## WHAT THE TASK REQUIRES
The output should hold exactly, and only, the lines from the line bearing "Byt o dispozici" through the last line of the listing below, and no pictures.

## RAW DATA

· · · · · · ·

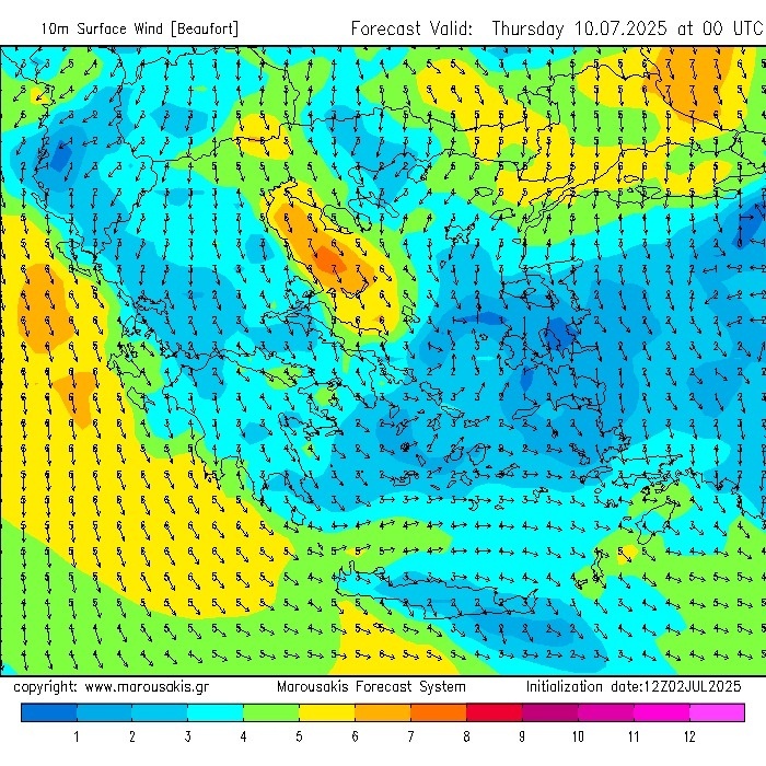 Στον τρίτο χάρτη μας αποτυπώνονται οι διευθύνσεις και οι εντάσεις των ανέμων καθώς θα προχωράμε χρονικά μέσα στην Πέμπτη.
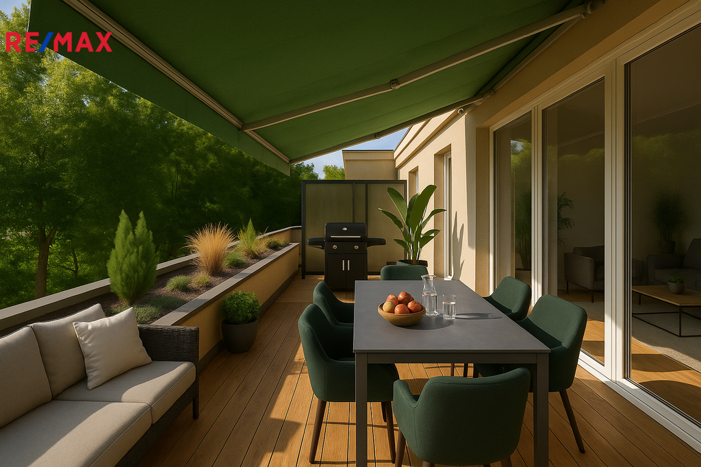 Byt o dispozici 4+1, 95 m² v ulici Pod Skalkou kombinuje výhledy do zeleně s velkou terasou 20m² orientovanou na jih a vynikající dopravní dostupností.
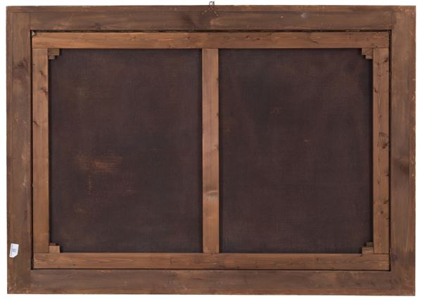 Dipinto olio su tela raffigurante "PALAZZO DUCALE CON SCORCIO DI SAN MARCO E LAGUNA". XX secolo. In cornice.
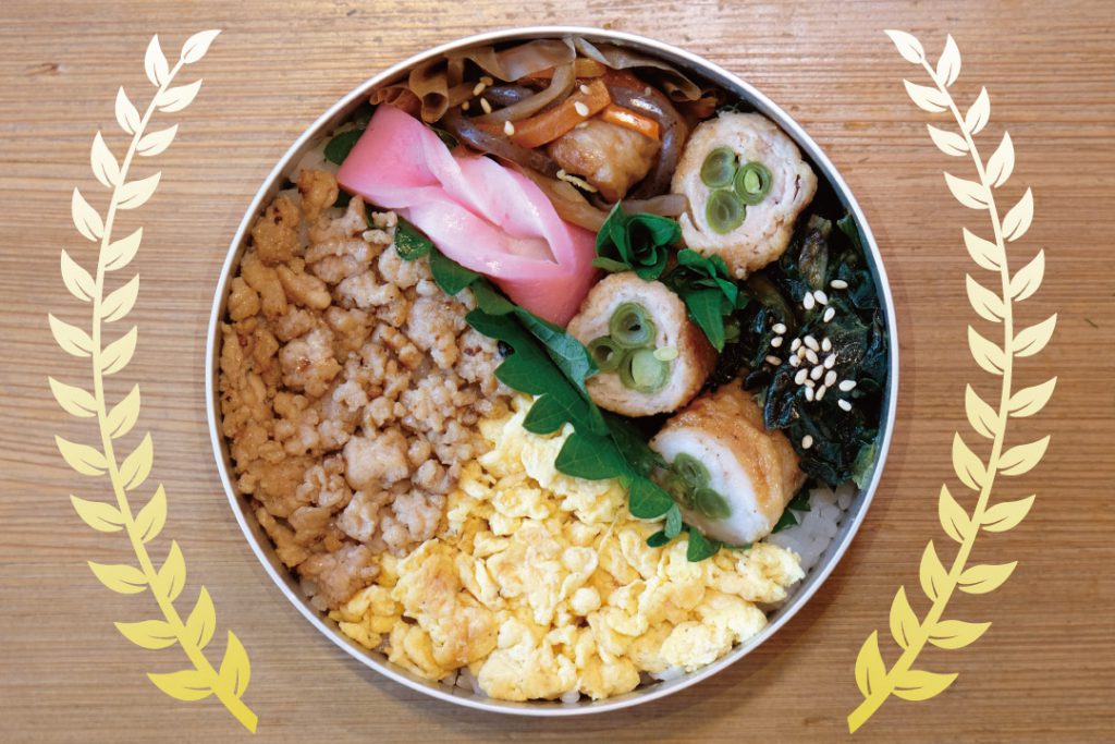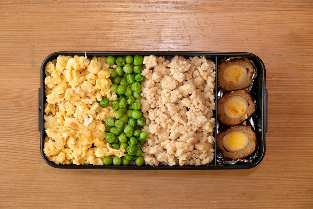 設計 小斉平さんのお弁当。気を取り直して正統派。三色そぼろ美味しそ〜。付け合せもたまごで、テーマをちゃんと汲んでくれてありがとうございます!涙

· · · · · · ·

## TASK RESULT
 Byt o dispozici 4+1, 95 m² v ulici Pod Skalkou kombinuje výhledy do zeleně s velkou terasou 20m² orientovanou na jih a vynikající dopravní dostupností.
 Dipinto olio su tela raffigurante "PALAZZO DUCALE CON SCORCIO DI SAN MARCO E LAGUNA". XX secolo. In cornice.
 設計 小斉平さんのお弁当。気を取り直して正統派。三色そぼろ美味しそ〜。付け合せもたまごで、テーマをちゃんと汲んでくれてありがとうございます!涙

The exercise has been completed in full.